_DATA PROVIDED:_
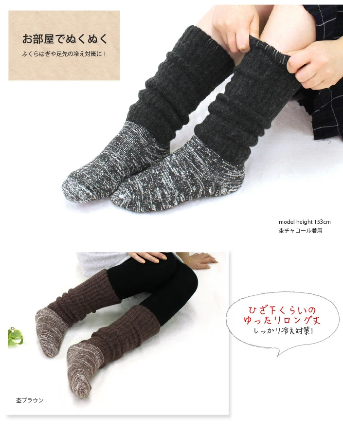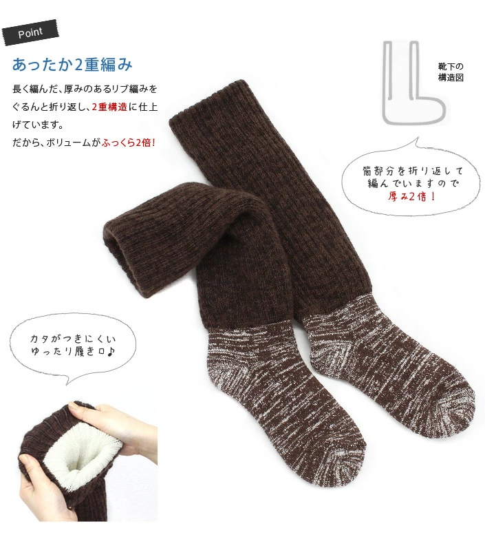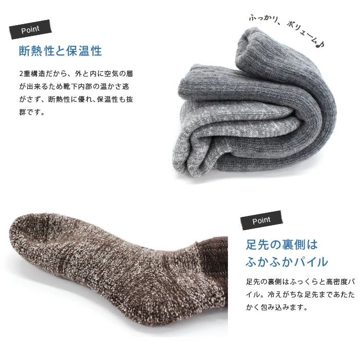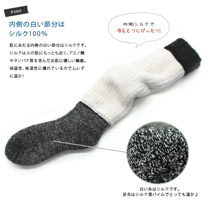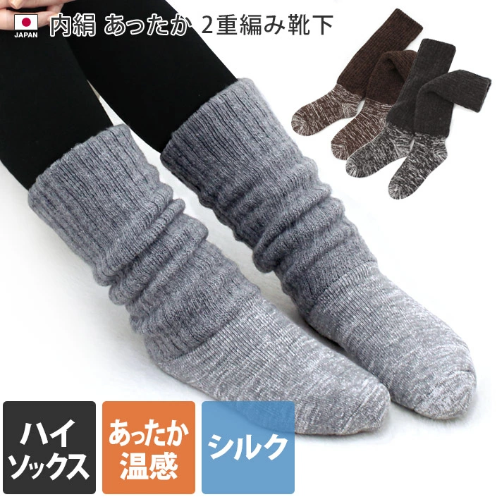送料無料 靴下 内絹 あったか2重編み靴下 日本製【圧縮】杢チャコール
==
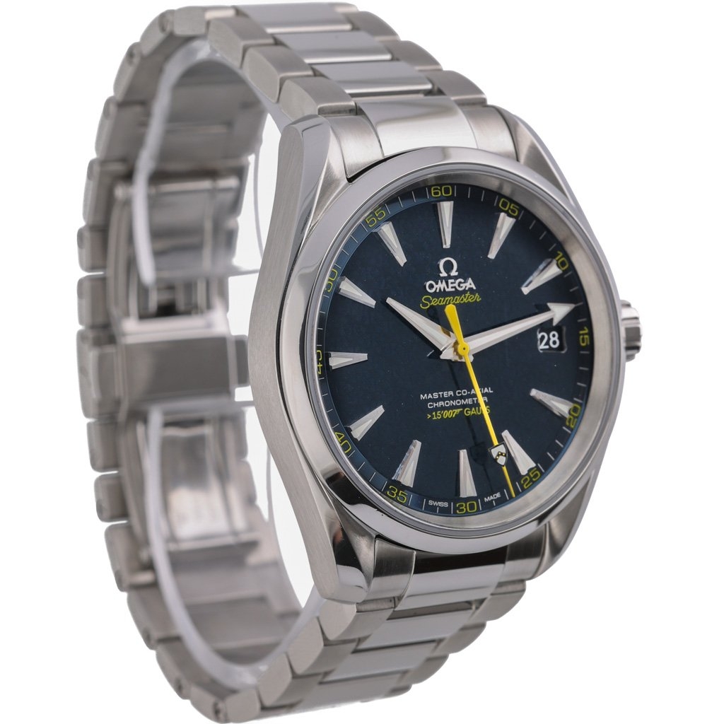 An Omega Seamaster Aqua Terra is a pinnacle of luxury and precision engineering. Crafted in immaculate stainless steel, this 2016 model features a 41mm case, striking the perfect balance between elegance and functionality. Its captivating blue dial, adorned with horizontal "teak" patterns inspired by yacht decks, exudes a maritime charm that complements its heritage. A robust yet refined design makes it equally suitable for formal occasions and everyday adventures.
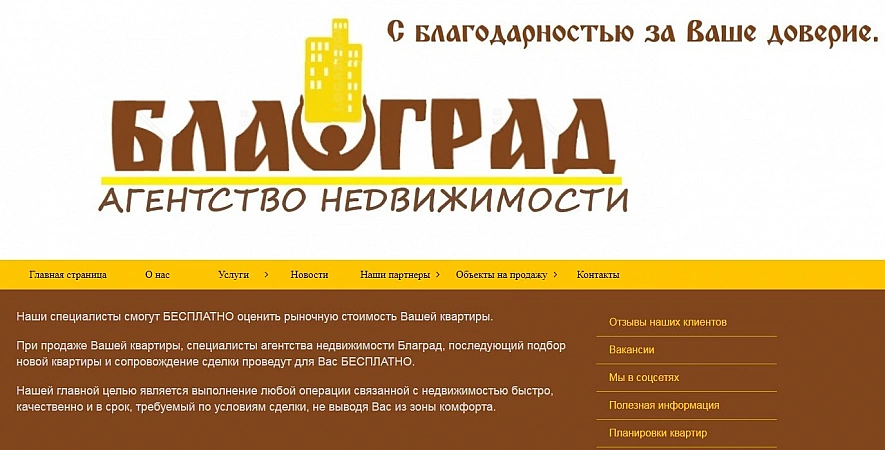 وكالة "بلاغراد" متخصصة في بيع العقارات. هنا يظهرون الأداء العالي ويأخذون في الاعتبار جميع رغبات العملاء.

_WHAT YOU SHOULD DO:_
Copy the lines above exactly, starting at the one with "An Omega Seamaster" and ending at the one with "جميع رغبات العملاء.", both included. Leave out any pictures and add nothing else.

_WRITTEN SOLUTION:_
 An Omega Seamaster Aqua Terra is a pinnacle of luxury and precision engineering. Crafted in immaculate stainless steel, this 2016 model features a 41mm case, striking the perfect balance between elegance and functionality. Its captivating blue dial, adorned with horizontal "teak" patterns inspired by yacht decks, exudes a maritime charm that complements its heritage. A robust yet refined design makes it equally suitable for formal occasions and everyday adventures.
 وكالة "بلاغراد" متخصصة في بيع العقارات. هنا يظهرون الأداء العالي ويأخذون في الاعتبار جميع رغبات العملاء.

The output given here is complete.